I always do wonder how much "arbitrary" cloud limits on things like this cause so many issues. I'm sure that async IO is very helpful anyway, but I bet on a 1million IOPS NVMe it is nowhere near as important.

We're effectively optimising critical infrastructure tech for ~2010 hardware because that's when big cloud got going and there has been so few price reductions on things since then vs the underlying hardware costs.

Obviously a consumer NVMe is not "enterprise" but my point is we are 3+ orders of magnitude off performance on cheap consumer hardware vs very expensive 'enterprise' AWS/big cloud costs.

gopalv|9 months ago

> had to chuckle at the 20k IOPS AWS instance, given even a consumer $100-200 NVMe gives ~1million+ IOPS these days

The IOPS figure usually hides the fact that it is not a single IOP that is really fast, but a collection of them.

More IOPS generally is done best by reducing latency of a single operation but the average latency is what actually contributes to the "fast query" experience.
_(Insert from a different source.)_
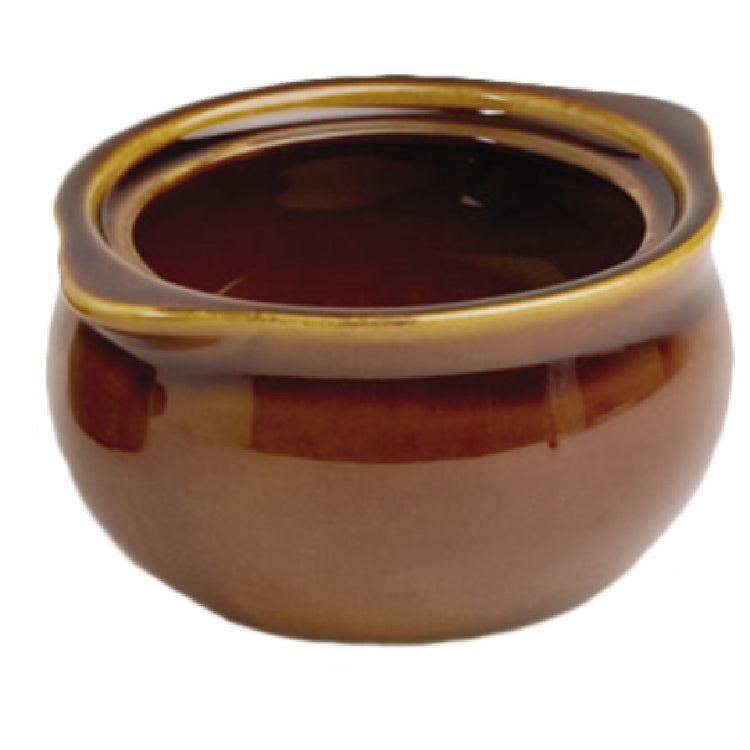 Royal Industries ROY SOUP 12 Soup Crock is a meticulously designed ceramic crock, offering a capacity of 12 ounces, making it ideal for serving individual portions of soup. The crock's elegant caramel color adds a touch of sophistication to any table setting, catering to both casual and upscale dining environments. Sold exclusively in case quantities, with each case containing 2 dozen crocks, this product is perfect for restaurants, catering services, and hospitality institutions that require high-volume service solutions. The ceramic construction of the ROY SOUP 12 ensures excellent heat retention, keeping soups warm for extended periods, thus enhancing the dining experience. Moreover, its durable material withstands the rigors of daily use in busy kitchens, while maintaining an easy-to-clean surface. This soup crock not only serves practical purposes but also enhances the aesthetic appeal of food presentation, making it a versatile option for diverse market segments that prioritize quality, durability, and style in their tableware solutions.

Because a lot of the next IO is branchy from the last one (like an index or filter lookup).

As more and more disks to CPU connectivity goes over the network, we can really deliver a large IOPS even when we have very high latencies (by spreading the data across hundreds of SSDs and routing it fast), because with the network storage we pay a huge latency cost for durability of the data simply because of location diversification.
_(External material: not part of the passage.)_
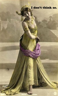 Jonathan Yardley wrote in the Washington Post, “Femme Fatale's central contention is that "it is difficult to imagine a woman less likely . . . to be able to engage in clandestine activities than Mata Hari." She was a star, and "while she was certainly seductive, which might be viewed as useful for a spy, she was never on any occasion invisible"; in fact, she was "a ridiculous candidate for a job that required clandestine behavior." Yet her persecutors "believed firmly that Mata Hari was guilty because she slept with many men and traveled widely in wartime. Such a woman must be a spy." A kangaroo court agreed. Shipman reports that many years later, the prosecutor, André Mornet, talked to a writer about the case and said "with a supreme indifference, 'Between you and me, there wasn't enough [evidence] to flog a cat.' " There's more mystery about the woman than about the charges that cost her life. Shipman probably is right that "she was convicted not for espionage but for her lack of shame," but how she got that way — defiantly, exuberantly, spectacularly — simply can't be explained. [Source: Jonathan Yardley, Washington Post, August 5, 2007]

Every foot is a nanosecond, approximately.

That the tradeoff is worth it, because you don't need clusters to deal with a bad CPU or two. Stop & start, to fix memory/cpu errors.

The AWS model pushes the latency problem to the customer and we see it in the IOPS measurements, but it is really the latency x queue depth we're seeing not the hardware capacity.

lfittl|9 months ago

Yep, I find cloud storage performance to be quite frustrating, but its the reality for many production database deployments I've seen.
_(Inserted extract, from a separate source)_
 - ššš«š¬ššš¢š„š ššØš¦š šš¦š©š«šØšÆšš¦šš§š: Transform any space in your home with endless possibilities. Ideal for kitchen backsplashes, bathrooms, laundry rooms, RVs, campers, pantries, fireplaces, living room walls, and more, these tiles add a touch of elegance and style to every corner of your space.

Its worth noting that even on really fast local NVMe drives the new asynchronous I/O work delivers performance benefits, since its so much more efficient at issuing I/Os and reducing syscall overhead (for io_uring).

Andres Freund (one of the principal authors of the new functionality) did a lot of benchmarking on local NVMe drives during development. Here is one mailinglist thread I could find that shows a 2x and better benefit with the patch set at the time: https://www.postgresql.org/message-id/flat/uvrtrknj4kdytuboi...

codegeek|9 months ago

You probably already know this but I will say it anyway. These cloud services like AWS are not succeeding in enterprise because they have outdated hardware. They succeed because in enterprise, CIOs and CTOs want something that is known, has a brand and everyone else uses it. It's like the old adage of "No one got fired for using IBM". Now it is "No one gets fired for hosting with AWS no matter how ridiculous the cost and corresponding feature is".

Hilift|9 months ago

Everything in the cloud is throttled. Network, IOPS, CPU. And probably implemented incorrectly. AWS makes billions if the customer infrastructure is great or terrible. I found that anything smaller than an AWS EC2 m5.8xlarge had noticeably bad performance on loaded servers (Windows). The list price for that would be about $13k per year, but most organizations get lower than list prices.

This also applies to services, not only compute. Anything associated with Microsoft Office 365 Exchange, scripts may run 10x slower against the cloud using the MSOnline cmdlets. It's absolute insanity, I used to perform a dump of all mailbox statistics that would take about one hour, it could take almost 24 hours against Office 365. You have to be careful to not use the same app or service account in multiple places, because the throttle limits are per-account.

immibis|9 months ago

I noticed this with bandwidth. AWS price for bandwidth: $90.00/TB after 0.1TB/month. Price everywhere else (low cost VPSes): $1.50/TB after 1-5TB/month. Price some places (dedicated servers): $0.00/TB up to ~100TB/month, $1.50/TB after.

You pay 60 times the price for the privilege of being on AWS.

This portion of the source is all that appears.